Mr. MARSHALL. I presume that Mr. Rice would vote in the interest of his constituents; but, with all due deference to Mr. Rice's action in the matter, I should not conceive it to be in the interest of the nation at large.

The CHAIRMAN. But he is not sent to Congress to look after the interest of the nation at large, but after the interest of his own district. Senators are in Congress to look after the interest of their States. Who there is there to look after the interests of the people at large I have never been able to find out.

Mr. MARSHALL. In other words, the forty millions of people are not represented? The CHAIRMAN. There are a few gentlemen in Congress who try to be statesmen, but they get so unpopular in their own districts that they cannot be sent back to Congress. I merely state this to show you the practical difficulties in the way. Mr. RICE. It will depend upon which way most of the districts go.

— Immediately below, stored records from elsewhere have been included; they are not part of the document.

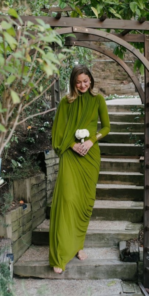 اختارت جيجي فستاناً طويلاً بلون زيتي هادئ يتميز برقبة عالية وقماش انسيابي يعكس روح المناسبة الطبيعية، ونسّقته مع إكسسوارات ذهبية بسيطة أضفت لمسة من الرقي الهادئ. أما بيلا فظهرت بفستان مشابه في اللون مع تصميم أكثر جرأة يتضمن فتحة صدر أنيقة وشق جانبي أظهر رشاقتها بأسلوب راقٍ ومتوازن. المفاجأة التي أثارت إعجاب الحضور كانت ظهورهما حافيتَي القدمين خلال المراسم، في لفتة رمزية تعبّر عن الراحة والبساطة والانسجام مع الأجواء العائلية.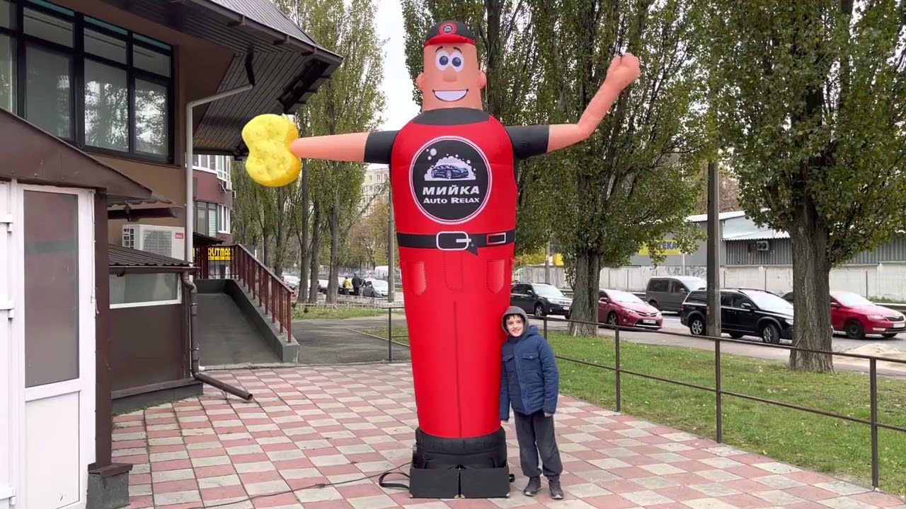 Надувная фигура автомойщика используется для привлечения внимания к автомойке. Высота — 340 см. Яркий красный костюм и движение делают фигуру заметной на расстоянии.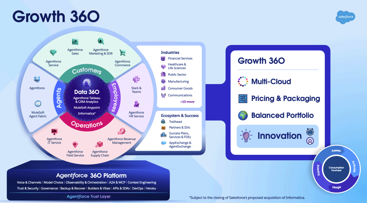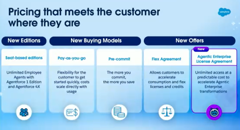 - Agentic Enterprise License Agreements (ELAs): flat-fee, unlimited use of Data 360 and Agentforce for predictable costs — already a dozen signed and more than 150 accounts in negotiation.
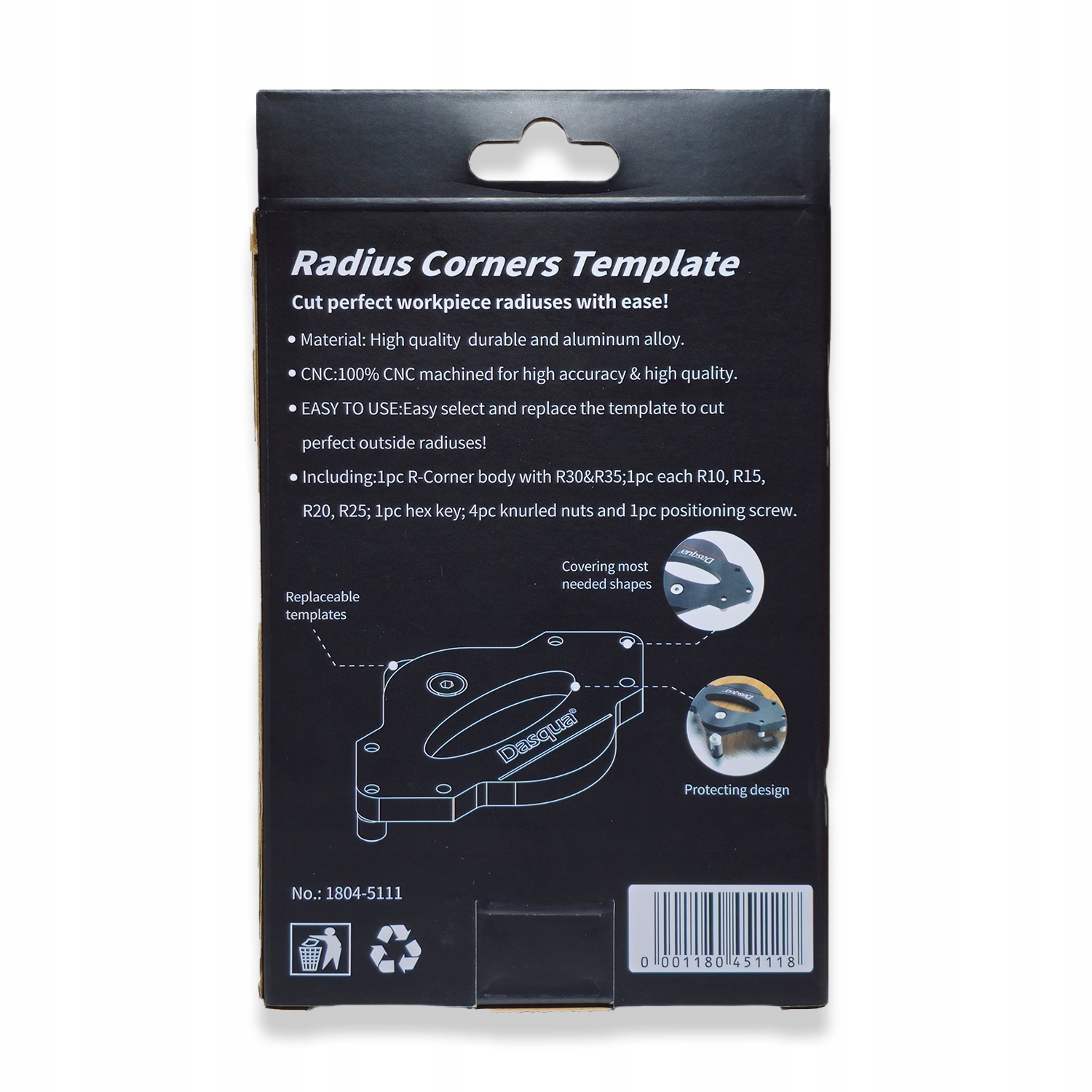 Профессиональный шаблон для изготовления радиусов и фасок с помощью фрезерного станка. Он позволяет быстро добиться идеальных внешних арок. Модель Dasqua 1804-5111 включает в себя самые популярные радиусные размеры, используемые в столярном деле.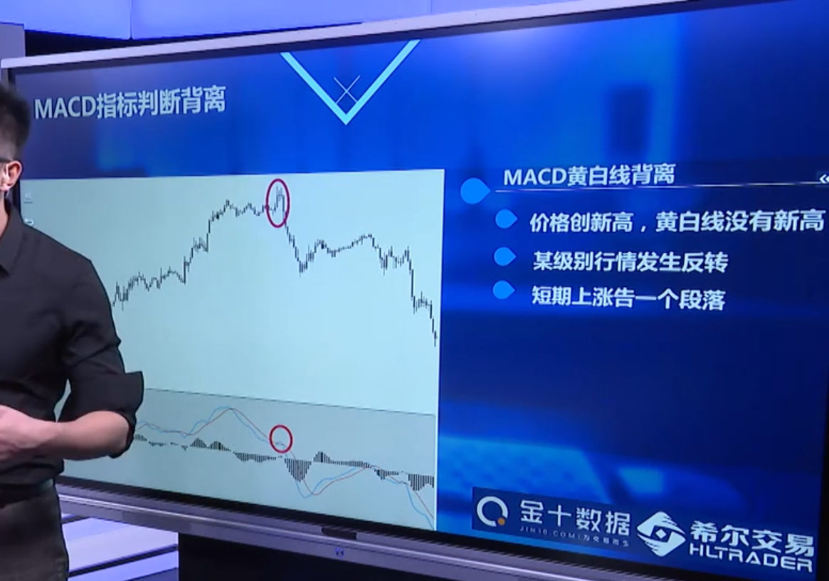 MACD黄白线背离的标准,第一,价格创新高,黄白线没有新高,第二,某级别行情发生反转,第三,短期上涨告一个段落。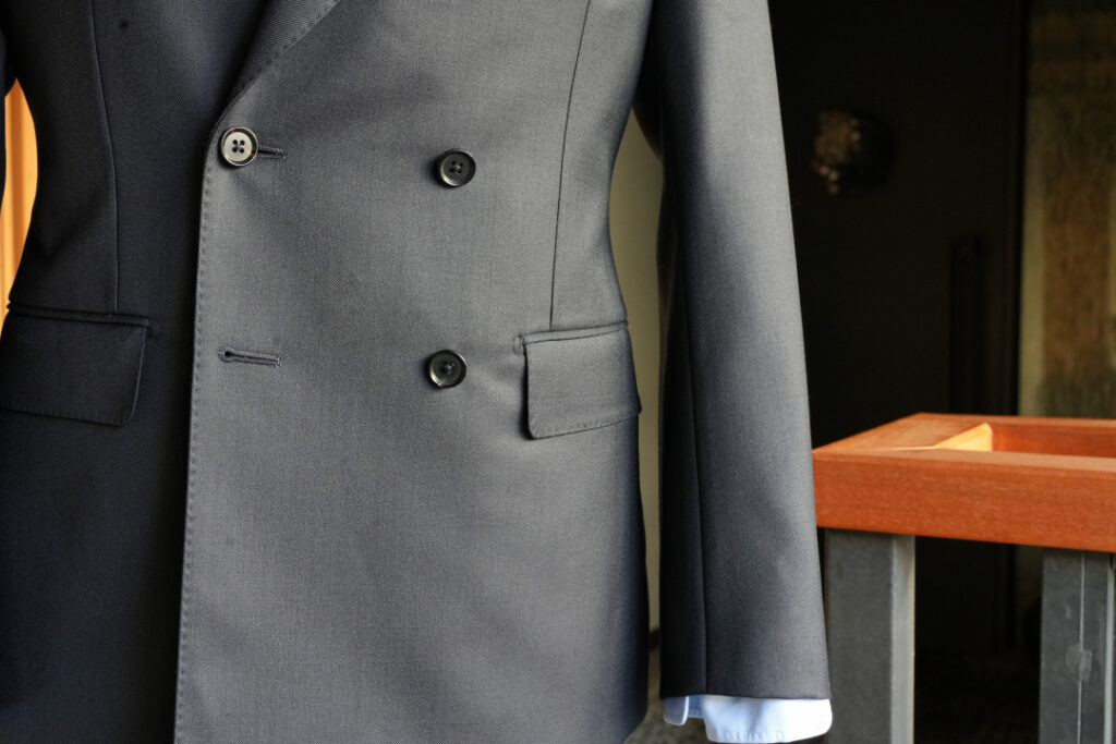 ダブル6×2ボタンのスーツにてご注文いただきました。

Mr. MARSHALL. It seems to me that under our present system it would turn on that result.

The CHAIRMAN. Do you think that a protected industry tends to raise the wages of labor employed in it?

Mr. MARSHALL. I think it may for a time.

The CHAIRMAN. It has had that effect in this country?

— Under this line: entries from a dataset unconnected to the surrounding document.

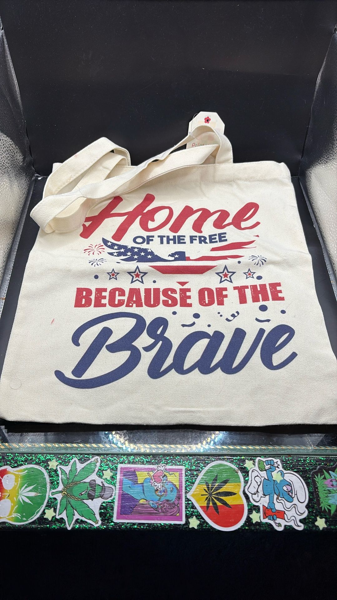 Brand new super cute Fourth of July canvas tote bag, home of the free because of the brave brand new with tags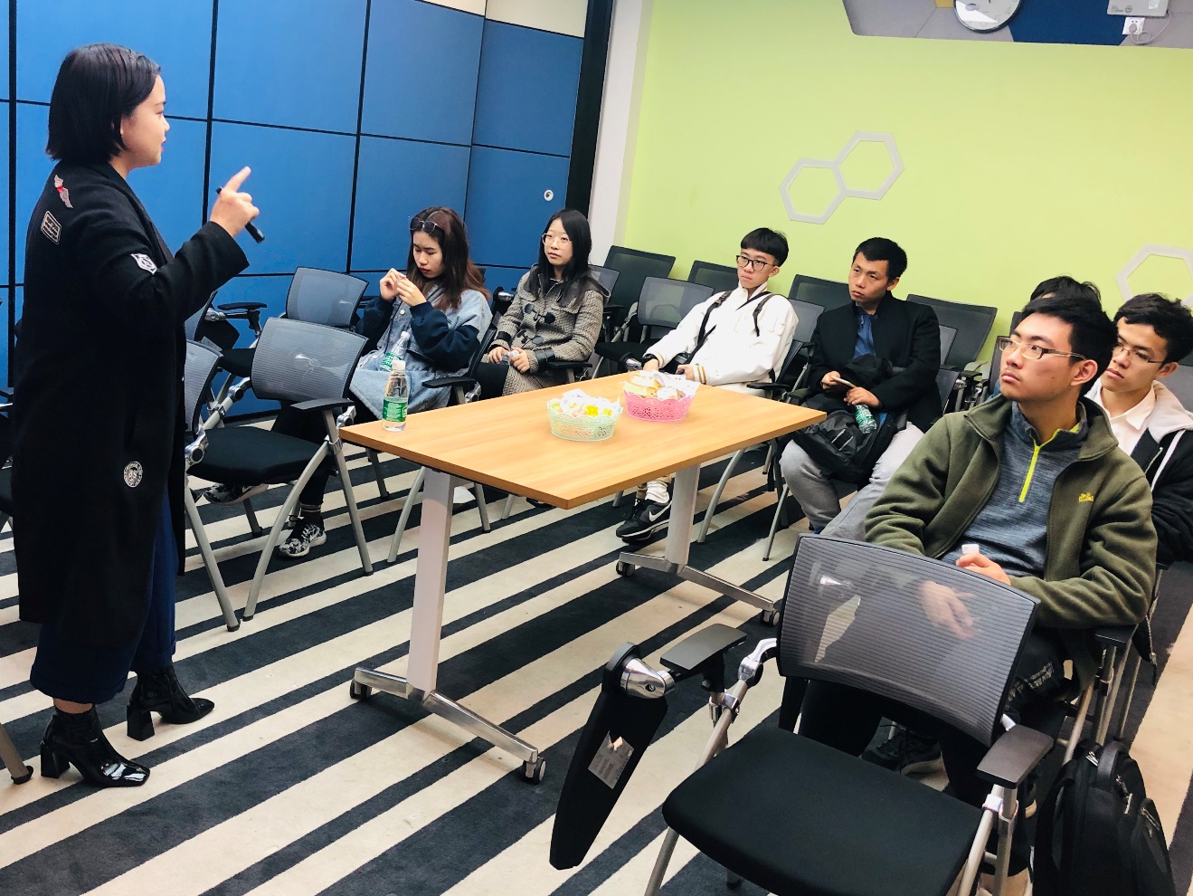 在参访过程中,由网校人力资源专员带领同学们参观公司整体的工作环境和氛围,不同岗位的分工及工作内容,带领同学观摩不同的直播间,向同学们介绍AI、AR、VR、绿幕直播等科技在K12在线教育中的应用。同学们在绿幕直播间体验网上授课,不同场景的切换吸引同学们纷纷尝试。同学们还体验了在线讲授课件,与网上的学生进行互动交流,解答学生们提出的问题,无延迟地与网上学生形成即时沟通。参观部分结束,紧接着由师资选聘部主管与大家分享在线教育行业的概况与现状,互联网技术在教育行业的深入应用,剖析了当前市场大环境,并从公司的角度给出求职与职业发展的意见和建议。在与负责招聘的主管交流时,同学们还就课程产品研发,直播技术的稳定性,行业未来发展方向等具体问题进行了请教与学习。同学们惊讶于在线教育的发展,同时表示自己对将来择业方向有了更清晰的规划。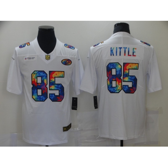 >Men's San Francisco 49ers #85 George Kittle White Rainbow Version Nike Limited Jersey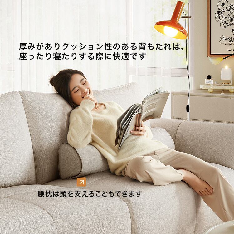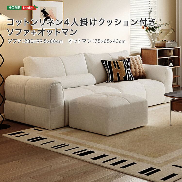 コットンリネン4人掛けクッション付きソファ+オットマン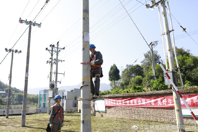【秋安秋檢】國網重慶綦南供電公司通惠供電所工作人員利用閑暇時間在實訓基地開展登桿培訓 .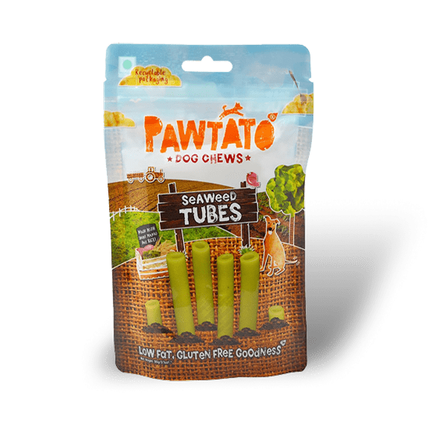 Pawtato Tubes with Seaweed are a delicious Low Fat, hypoallergenic treat for your dog. These fun tube shaped chews can be carefully stuffed with dog friendly goodies, such as peanut butter
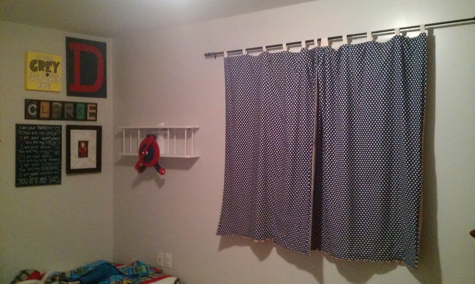 | Like the curtains? The house came with red-striped ones, so I sewed this navy polkadot fabric onto one side when we moved in. The other side is still the red strips, so I think it’s cute. |

Mr. MARSHALL. Yes; temporarily.

The CHAIRMAN. If that is so do you think that there can be higher rates of wages in a country, as a permanent thing, in one branch of industry than there can be in any other branch? Do not wages, like water, get to a level?

Mr. MARSHALL. I think so.

The CHAIRMAN. Then how can it be that the persons engaged in non-protected industries would get less compensation for their labor than those engaged in protected industries, if wages equalize themselves? Why do the higher rates of wages not extend to the persons employed in the non-protected industries? And if they do, how do these persons support those engaged in protected industries at a cost to themselves? Mr. MARSHALL. They support the others in paying the enhanced price of the products of protected industries.

The CHAIRMAN. But they get more wages themselves, and the purchasing power of their wages is not changed.

Mr. MARSHALL. The non-protected elements of the community pay a correspondingly higher price for the products of protected industries in consequence of that protection.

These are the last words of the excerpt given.